1. What is your idea?
Board has multiple steps to extract data from cubes:
- Extract Cube
- Export Data View to file
- Export Dataset
- Extract all cubes
All these steps save data as text or csv-files. We could save disk-space and increase performance by using parquet-files.
Head-to-head comparison
CSV
| Parquet
|
---|
Row-based storage format.
| A hybrid of Row-based and column-based storage formats.
|
It consumes a lot of space as no default compression option is available. For example, a 1TB file will occupy the same space when stored on Amazon S3 or any other cloud.
| Compresses data while storing, thus consuming less space. A 1 TB file stored in Parquet format will take up only 130GB of space.
|
Query run time is slow because of the row-based search. For each column, every row of data has to be retrieved.
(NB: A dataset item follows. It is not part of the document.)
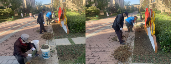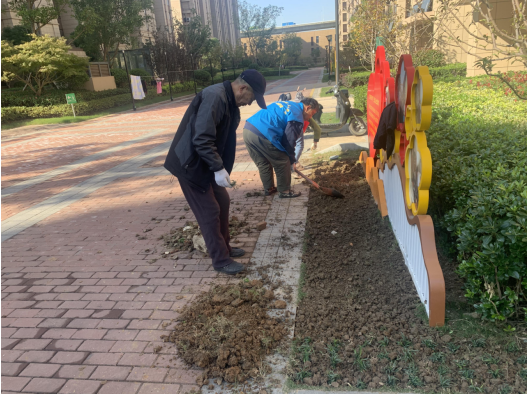 活動期間,大家有的用鐵鍬翻地、有的挖坑撒種,各個環(huán)節(jié)銜接有序,配合默契,利用手上的修剪工具,給綠化植被造型,“整容”;給已枯萎的花草進行補種;同時,將參差不齊的樹叢細心修補。經(jīng)過修剪后的樹叢橫平豎直,植被在被修剪后增加了通風與透光,陽光一照進來,顯得格外精神,道路兩旁的花朵也爭相斗艷,社區(qū)面貌換然一新,整齊美觀。風兒輕輕,草兒茵茵,烈日下的“園丁們”辛苦勞作著,在社區(qū)與他們的努力下,小區(qū)的花草書木熠熠生輝,充滿了生機,保證了植物良好生長。

| Query time is about 34 times faster because of the column-based storage and presence of metadata.
|
More data has to be scanned per query.
| About 99% less data is scanned for the execution of the query, thus optimizing performance .
|
Most storage devices charge based on the storage space, so CSV format means the high storage cost.
| Less storage cost as data is stored in compressed, encoded format.
|
File schema has to be either inferred (leading to errors) or supplied (tedious).
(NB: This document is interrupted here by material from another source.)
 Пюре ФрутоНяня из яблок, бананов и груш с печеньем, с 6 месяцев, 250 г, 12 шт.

| File schema is stored in the metadata.
|
The format is suitable for simple data types.
| Parquet is suitable even for complex types like nested schemas, arrays, dictionaries.
|
Please add option to extract Data as parquet file.
More information:
https://geekflare.com/parquet-csv-data-storage/
2. What specific problem are you trying to find a solution to, or what new scenario would this idea respond to?
Having a new format to save data for Board.
3. What workaround have you found and used so far (if any)?
No workaround available.